**TASK DIRECTIONS**
Among the entries that follow, locate the line with "La Cátedra Abierta" and the line with "Kemudian, sebuah jawatankuasa". Output those lines and all lines in between, exactly, minus the pictures.

**RECORDS SUPPLIED**
################

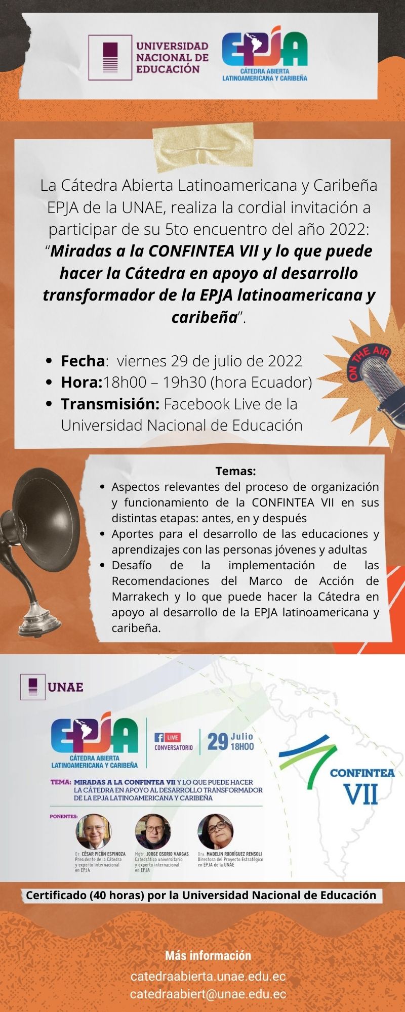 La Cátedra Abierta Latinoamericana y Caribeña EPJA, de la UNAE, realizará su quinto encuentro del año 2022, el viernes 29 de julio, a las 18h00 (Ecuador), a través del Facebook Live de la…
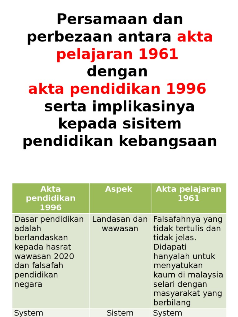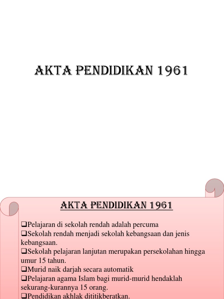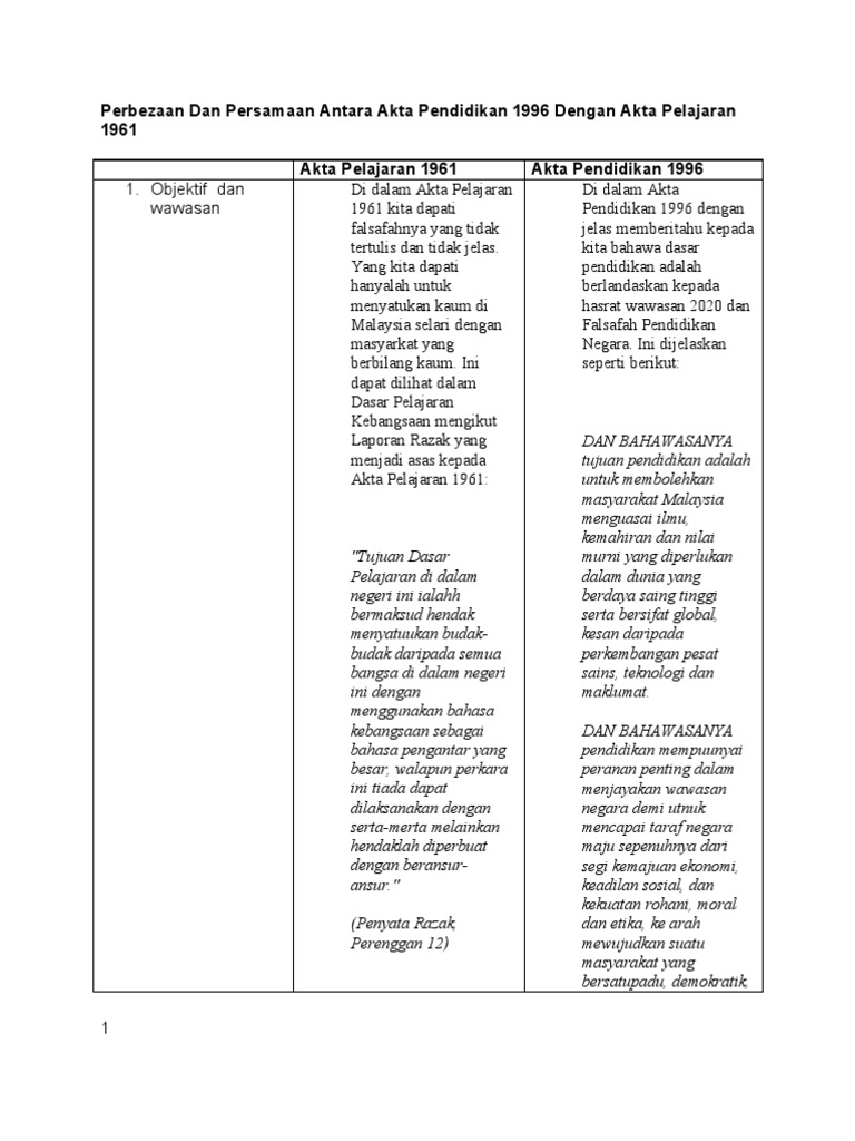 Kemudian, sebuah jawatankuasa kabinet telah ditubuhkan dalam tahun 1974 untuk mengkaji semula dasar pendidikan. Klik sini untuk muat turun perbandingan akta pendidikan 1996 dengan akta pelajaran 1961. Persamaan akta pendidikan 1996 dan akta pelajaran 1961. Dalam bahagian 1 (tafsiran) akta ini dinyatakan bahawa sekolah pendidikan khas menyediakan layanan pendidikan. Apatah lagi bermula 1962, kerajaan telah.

################

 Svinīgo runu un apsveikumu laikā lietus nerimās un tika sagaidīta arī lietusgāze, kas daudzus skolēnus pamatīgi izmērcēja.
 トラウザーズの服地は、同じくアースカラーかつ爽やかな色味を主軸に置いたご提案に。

################

**PROBLEM SOLUTION**
 La Cátedra Abierta Latinoamericana y Caribeña EPJA, de la UNAE, realizará su quinto encuentro del año 2022, el viernes 29 de julio, a las 18h00 (Ecuador), a través del Facebook Live de la…
 Kemudian, sebuah jawatankuasa kabinet telah ditubuhkan dalam tahun 1974 untuk mengkaji semula dasar pendidikan. Klik sini untuk muat turun perbandingan akta pendidikan 1996 dengan akta pelajaran 1961. Persamaan akta pendidikan 1996 dan akta pelajaran 1961. Dalam bahagian 1 (tafsiran) akta ini dinyatakan bahawa sekolah pendidikan khas menyediakan layanan pendidikan. Apatah lagi bermula 1962, kerajaan telah.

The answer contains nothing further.